(DATA PROVIDED)

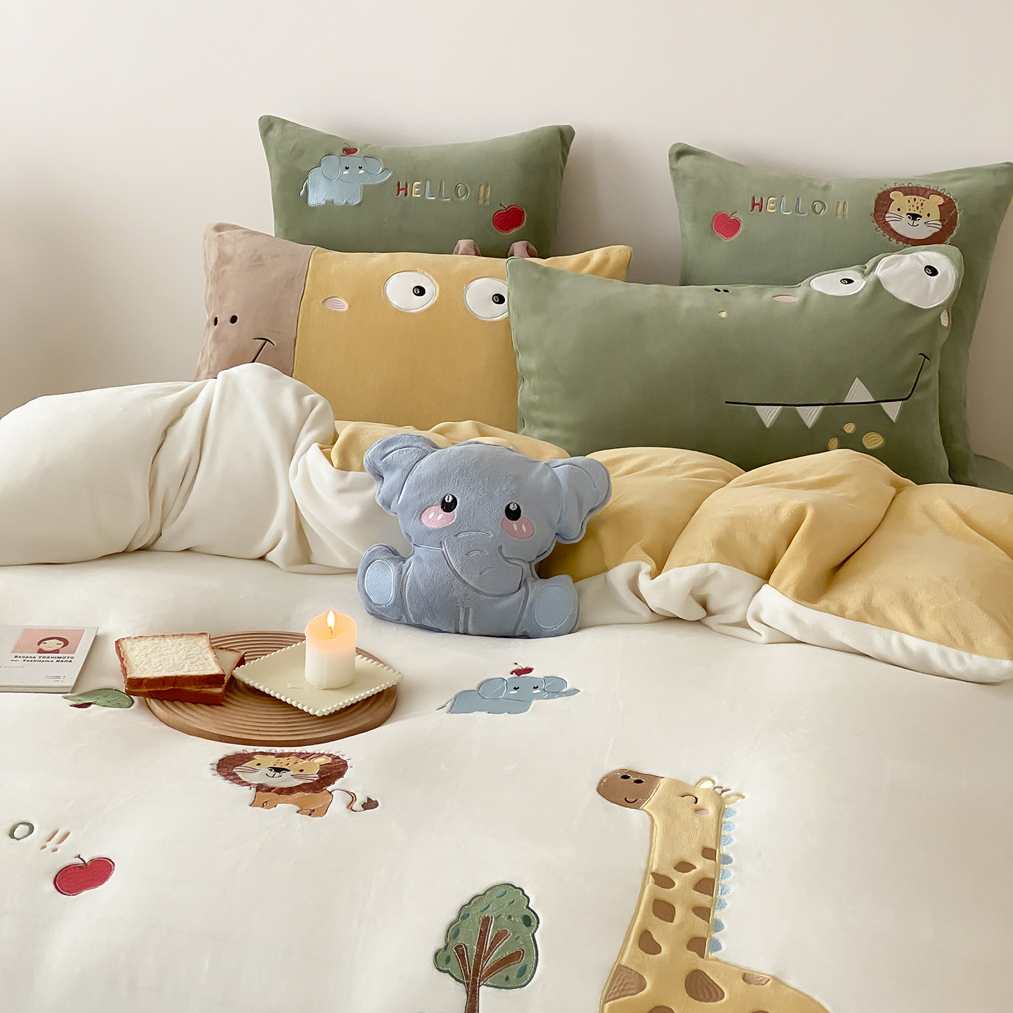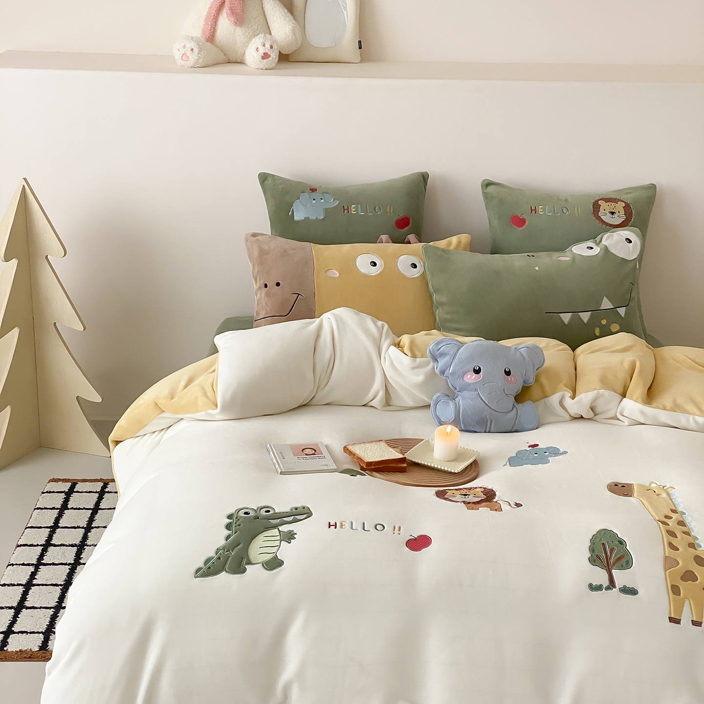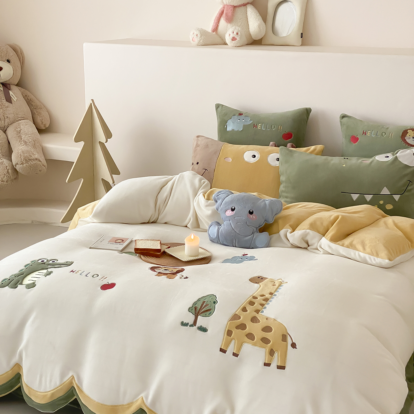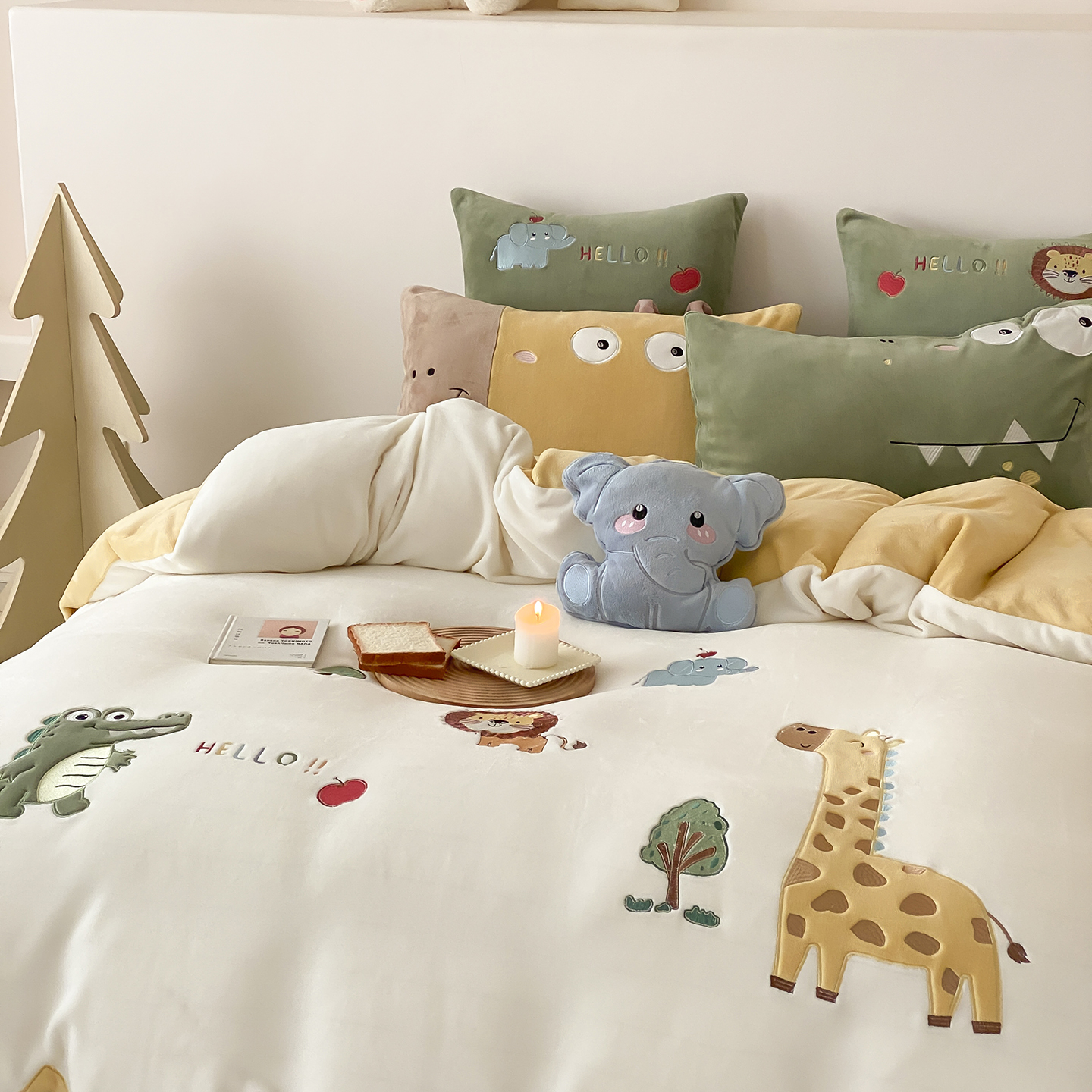 商品名称:(总)星野 2025新款高克重牛奶绒贴布刺绣四件套-丛林探险记
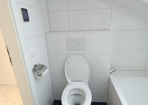 Das Tageslichtbad wurde komplett erneuert und besticht durch modernes Design, Fußbodenheizung und eine Whirlpool-Badewanne.
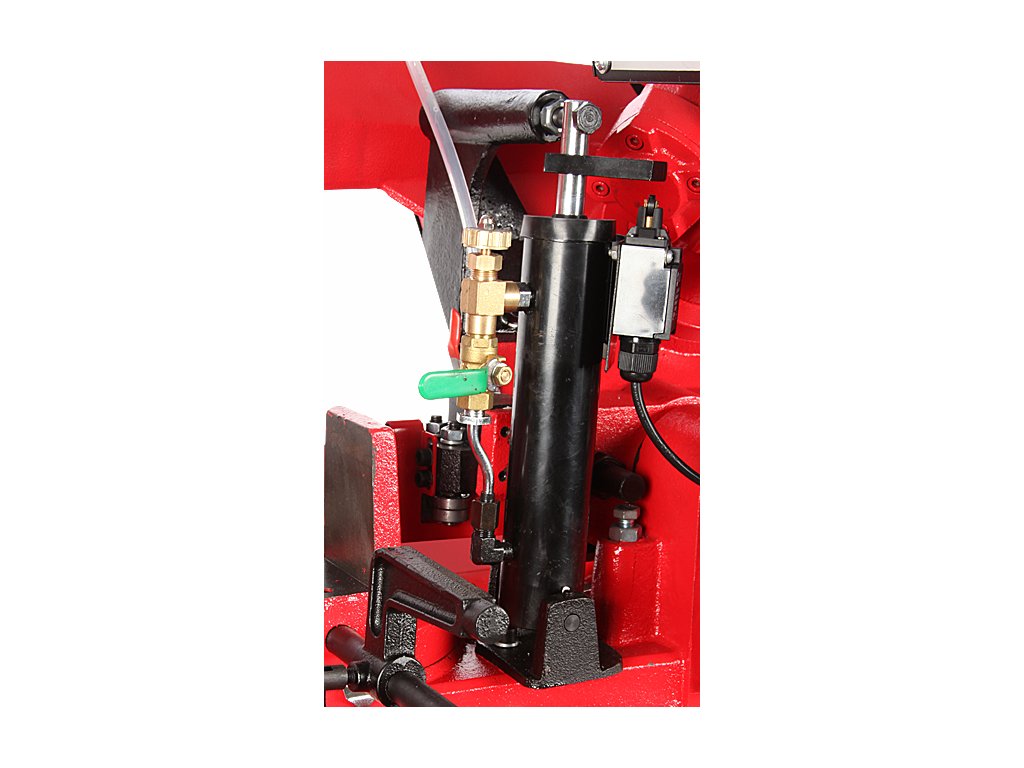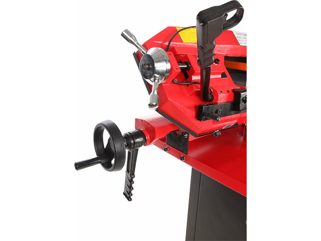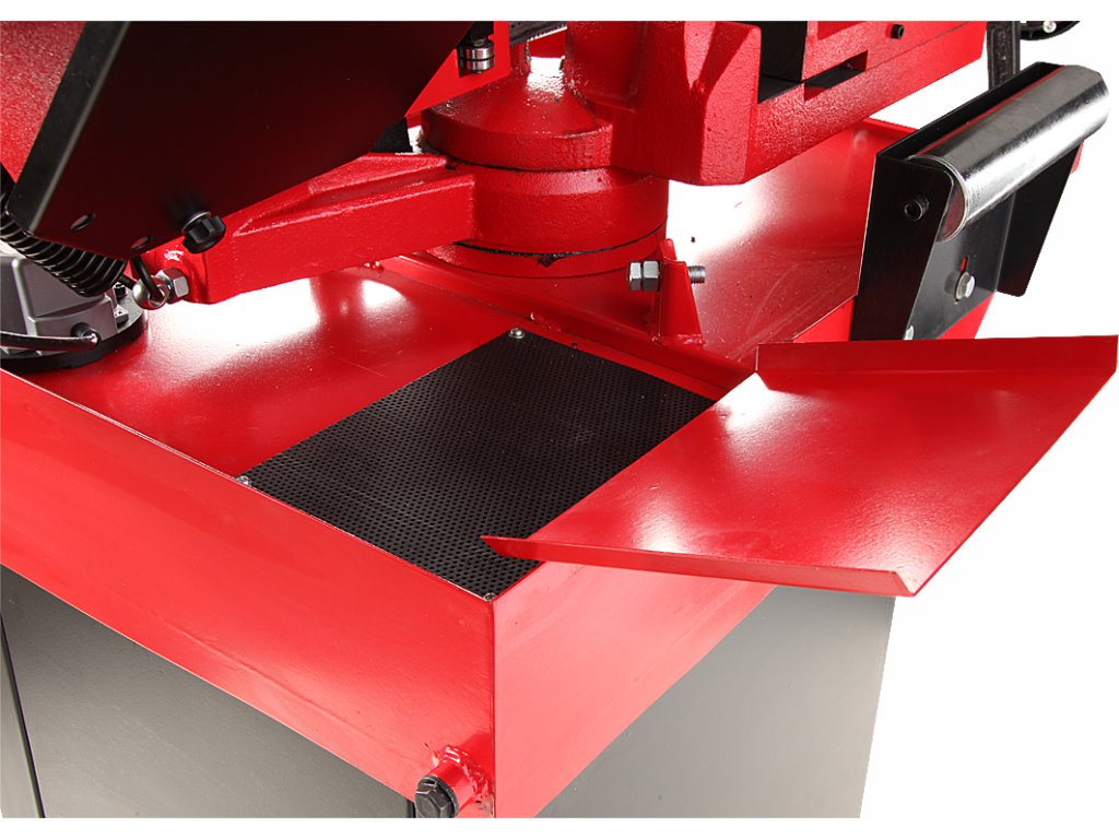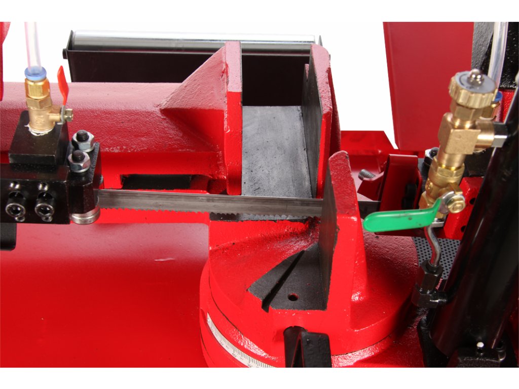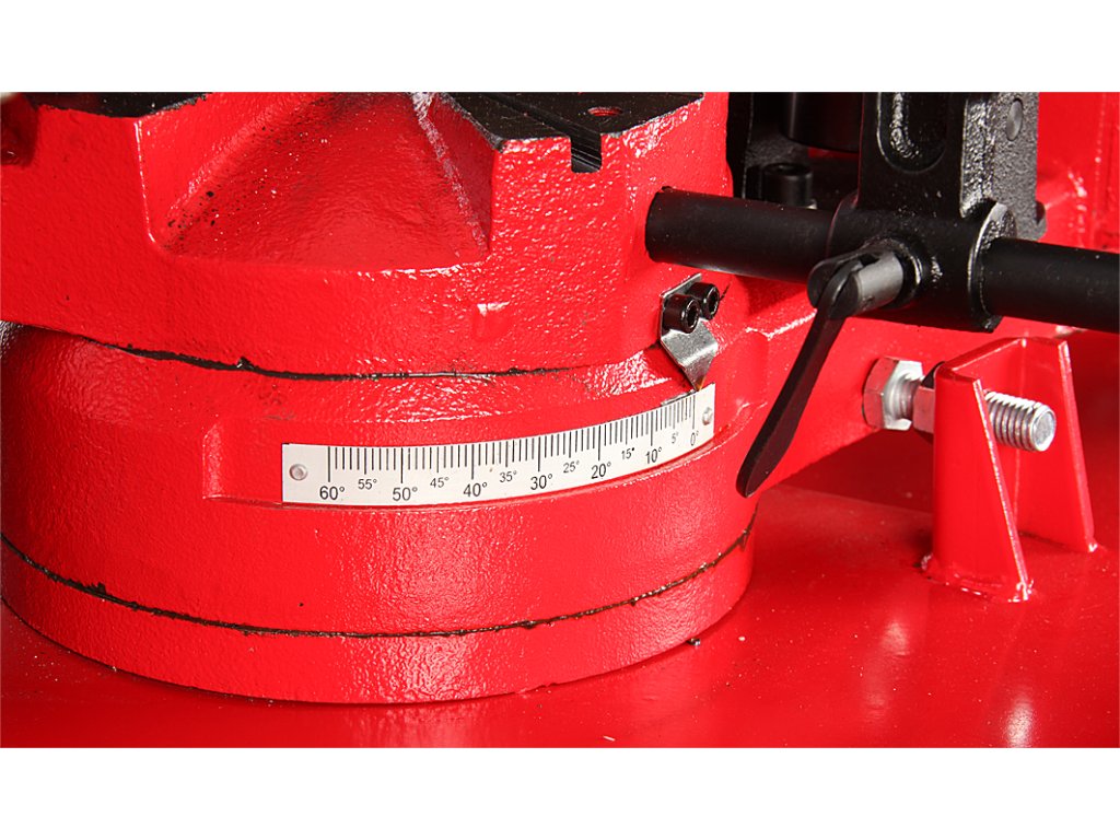 Pilarka taśmowa do cięcia stali, wyposażona w wychylny wysięgnik obrotowy wykonany z żeliwa. Maszyna oferuje komfort przejrzystego panelu kontrolnego, funkcję chłodzenia i wskaźnik naprężenia taśmy tnącej, jest wyposażona w masywne imadło.
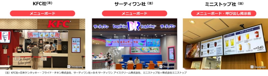 デジタルサイネージ関連事業を展開する(株)クラウドポイントでは、店舗や商業施設などで販促や情報提供のために利用されるデジタルサイネージ(電子的な表示機器)の機種選定から施工、保守まで一気通貫で実施。動画や、アニメーションを活用した動く広告や、リアルタイムのお得な情報を映し出すことで、お客様の目を引きつけます。これによりお客様はお得な買い物を楽しみ、お店はリピーターを増やし、売り上げを大きく伸ばすことができるサービスです。
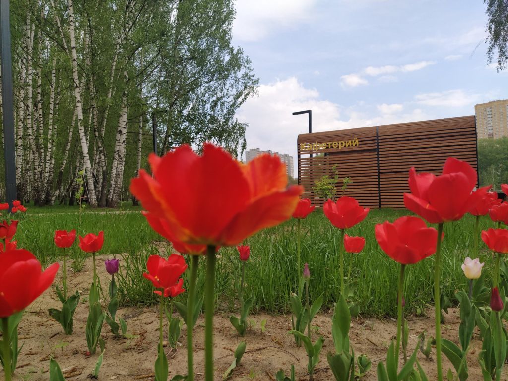 Есть в парке зона для занятия спортом, площадка для выгула собак, туалеты, много мусорок. Облагородили пляж - засыпали белым песком, установили раздевалки.
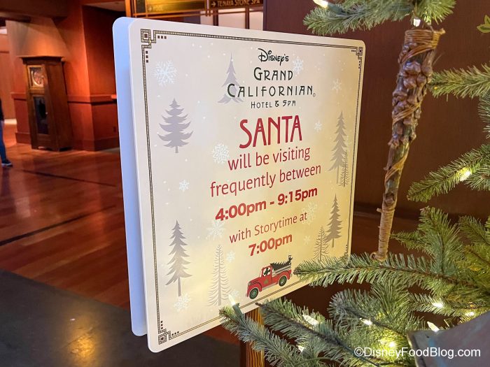 You may also find the times for meeting SANTA CLAUS at the Grand Californian posted in the lobby! Check with the front desk to confirm appearance dates.
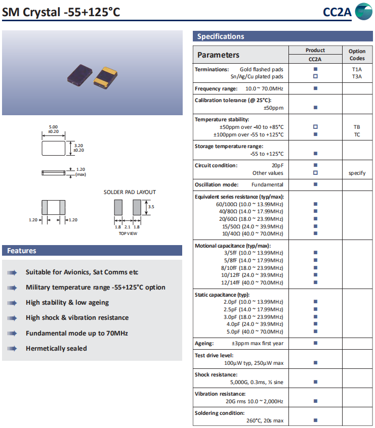 | Golledge晶振 | 單位 | CC2A晶振 | 石英晶振基本條件 |
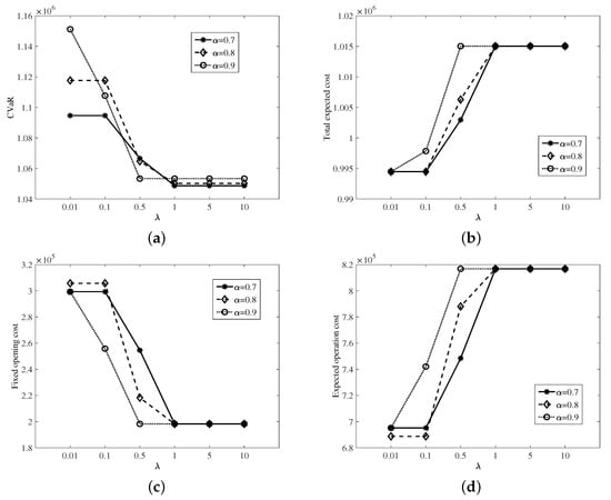 The objective function (21) is to minimize the total cost and VaR, where f is an auxiliary variable, which represents the VaR value at the confidence level . Constraints (22) and (23) require that the probability that the total cost in scenario s does not exceed f and is not less than , where N is a large and positive number. Constraint (24) enforces the binary restrictions on the auxiliary variable , which is equal to 1 if and 0 otherwise.

(End DATA PROVIDED)

*WHAT YOU HAVE TO DO*:
Please retype the data exactly. The pictures do not go in.

*SOLUTION BELOW*:
 商品名称:(总)星野 2025新款高克重牛奶绒贴布刺绣四件套-丛林探险记
 Das Tageslichtbad wurde komplett erneuert und besticht durch modernes Design, Fußbodenheizung und eine Whirlpool-Badewanne.
 Pilarka taśmowa do cięcia stali, wyposażona w wychylny wysięgnik obrotowy wykonany z żeliwa. Maszyna oferuje komfort przejrzystego panelu kontrolnego, funkcję chłodzenia i wskaźnik naprężenia taśmy tnącej, jest wyposażona w masywne imadło.
 デジタルサイネージ関連事業を展開する(株)クラウドポイントでは、店舗や商業施設などで販促や情報提供のために利用されるデジタルサイネージ(電子的な表示機器)の機種選定から施工、保守まで一気通貫で実施。動画や、アニメーションを活用した動く広告や、リアルタイムのお得な情報を映し出すことで、お客様の目を引きつけます。これによりお客様はお得な買い物を楽しみ、お店はリピーターを増やし、売り上げを大きく伸ばすことができるサービスです。
 Есть в парке зона для занятия спортом, площадка для выгула собак, туалеты, много мусорок. Облагородили пляж - засыпали белым песком, установили раздевалки.
 You may also find the times for meeting SANTA CLAUS at the Grand Californian posted in the lobby! Check with the front desk to confirm appearance dates.
 | Golledge晶振 | 單位 | CC2A晶振 | 石英晶振基本條件 |
 The objective function (21) is to minimize the total cost and VaR, where f is an auxiliary variable, which represents the VaR value at the confidence level . Constraints (22) and (23) require that the probability that the total cost in scenario s does not exceed f and is not less than , where N is a large and positive number. Constraint (24) enforces the binary restrictions on the auxiliary variable , which is equal to 1 if and 0 otherwise.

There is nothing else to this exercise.